What to produce: Your output should be the lines below from the one holding "og her er meg" through the one holding "5月13日轻工学院舍务管理委", transcribed exactly, with no pictures.

Study material:
□ □ □
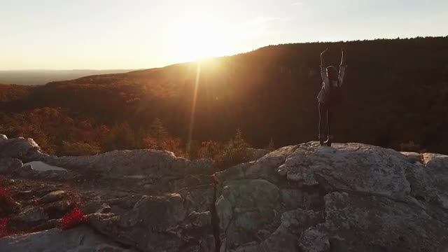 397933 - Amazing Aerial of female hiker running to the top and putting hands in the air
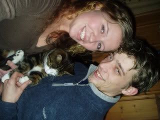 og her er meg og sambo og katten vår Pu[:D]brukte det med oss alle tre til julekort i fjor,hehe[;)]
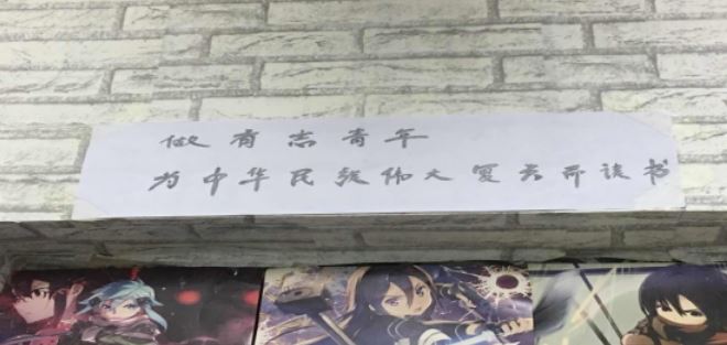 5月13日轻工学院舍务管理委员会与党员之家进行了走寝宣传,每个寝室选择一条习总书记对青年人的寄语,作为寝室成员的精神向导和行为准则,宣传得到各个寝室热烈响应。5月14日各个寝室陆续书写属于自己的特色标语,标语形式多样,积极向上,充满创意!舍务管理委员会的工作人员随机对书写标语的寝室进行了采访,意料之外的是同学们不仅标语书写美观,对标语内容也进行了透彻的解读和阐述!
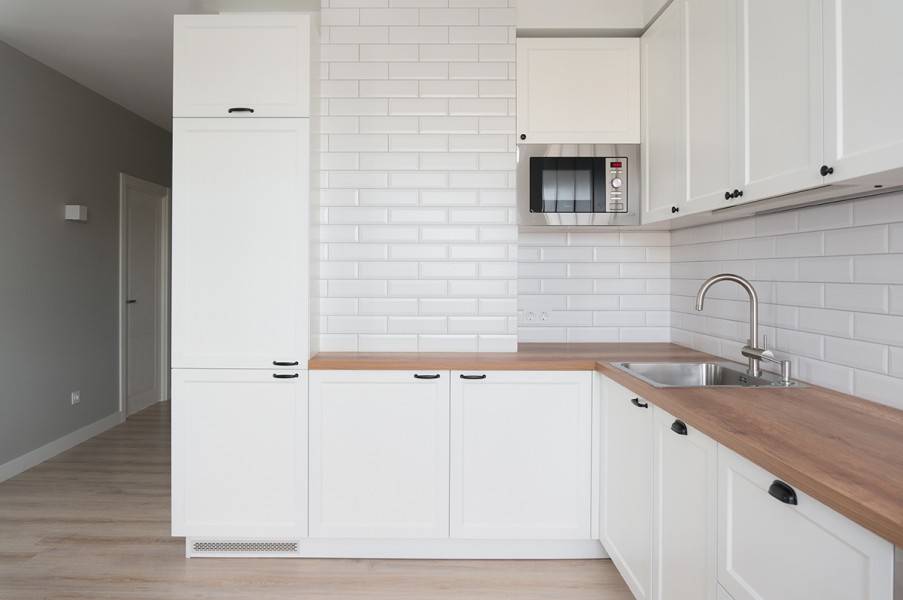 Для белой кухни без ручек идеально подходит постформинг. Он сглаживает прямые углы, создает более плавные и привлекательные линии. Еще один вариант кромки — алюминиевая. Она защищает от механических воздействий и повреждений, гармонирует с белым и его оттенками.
□ □ □
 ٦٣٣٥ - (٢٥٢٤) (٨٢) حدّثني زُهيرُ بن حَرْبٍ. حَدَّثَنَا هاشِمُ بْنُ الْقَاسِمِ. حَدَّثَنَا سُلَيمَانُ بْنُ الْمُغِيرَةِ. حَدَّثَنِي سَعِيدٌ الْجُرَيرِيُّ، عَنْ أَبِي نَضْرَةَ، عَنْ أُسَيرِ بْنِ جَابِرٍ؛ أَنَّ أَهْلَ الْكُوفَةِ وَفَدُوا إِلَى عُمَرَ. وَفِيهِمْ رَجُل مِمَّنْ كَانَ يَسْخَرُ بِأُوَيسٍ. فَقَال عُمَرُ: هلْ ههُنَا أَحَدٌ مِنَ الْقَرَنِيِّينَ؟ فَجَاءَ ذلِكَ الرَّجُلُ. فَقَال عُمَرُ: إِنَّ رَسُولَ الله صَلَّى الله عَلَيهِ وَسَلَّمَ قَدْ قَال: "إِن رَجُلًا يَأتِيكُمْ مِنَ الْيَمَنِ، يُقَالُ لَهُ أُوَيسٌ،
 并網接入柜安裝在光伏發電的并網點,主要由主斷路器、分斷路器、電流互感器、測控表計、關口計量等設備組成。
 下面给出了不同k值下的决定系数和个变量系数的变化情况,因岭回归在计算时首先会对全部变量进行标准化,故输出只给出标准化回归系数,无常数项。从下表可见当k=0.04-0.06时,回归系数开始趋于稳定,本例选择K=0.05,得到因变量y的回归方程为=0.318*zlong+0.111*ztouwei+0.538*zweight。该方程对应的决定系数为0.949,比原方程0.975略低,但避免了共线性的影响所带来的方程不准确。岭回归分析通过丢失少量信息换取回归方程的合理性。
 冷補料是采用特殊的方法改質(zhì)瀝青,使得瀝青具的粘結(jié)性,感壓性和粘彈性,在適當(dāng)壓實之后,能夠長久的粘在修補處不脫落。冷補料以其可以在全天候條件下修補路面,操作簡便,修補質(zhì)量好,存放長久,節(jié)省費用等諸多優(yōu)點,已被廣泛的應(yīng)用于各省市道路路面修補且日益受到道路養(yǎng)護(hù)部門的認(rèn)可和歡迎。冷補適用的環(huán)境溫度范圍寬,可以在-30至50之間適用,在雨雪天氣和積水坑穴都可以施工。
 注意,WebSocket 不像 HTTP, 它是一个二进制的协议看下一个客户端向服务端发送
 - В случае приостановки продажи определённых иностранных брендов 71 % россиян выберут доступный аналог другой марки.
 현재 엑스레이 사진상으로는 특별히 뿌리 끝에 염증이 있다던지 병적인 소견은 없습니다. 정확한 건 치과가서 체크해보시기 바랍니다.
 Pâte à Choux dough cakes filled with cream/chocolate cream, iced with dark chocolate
□ □ □
Solution to the problem:
 og her er meg og sambo og katten vår Pu[:D]brukte det med oss alle tre til julekort i fjor,hehe[;)]
 5月13日轻工学院舍务管理委员会与党员之家进行了走寝宣传,每个寝室选择一条习总书记对青年人的寄语,作为寝室成员的精神向导和行为准则,宣传得到各个寝室热烈响应。5月14日各个寝室陆续书写属于自己的特色标语,标语形式多样,积极向上,充满创意!舍务管理委员会的工作人员随机对书写标语的寝室进行了采访,意料之外的是同学们不仅标语书写美观,对标语内容也进行了透彻的解读和阐述!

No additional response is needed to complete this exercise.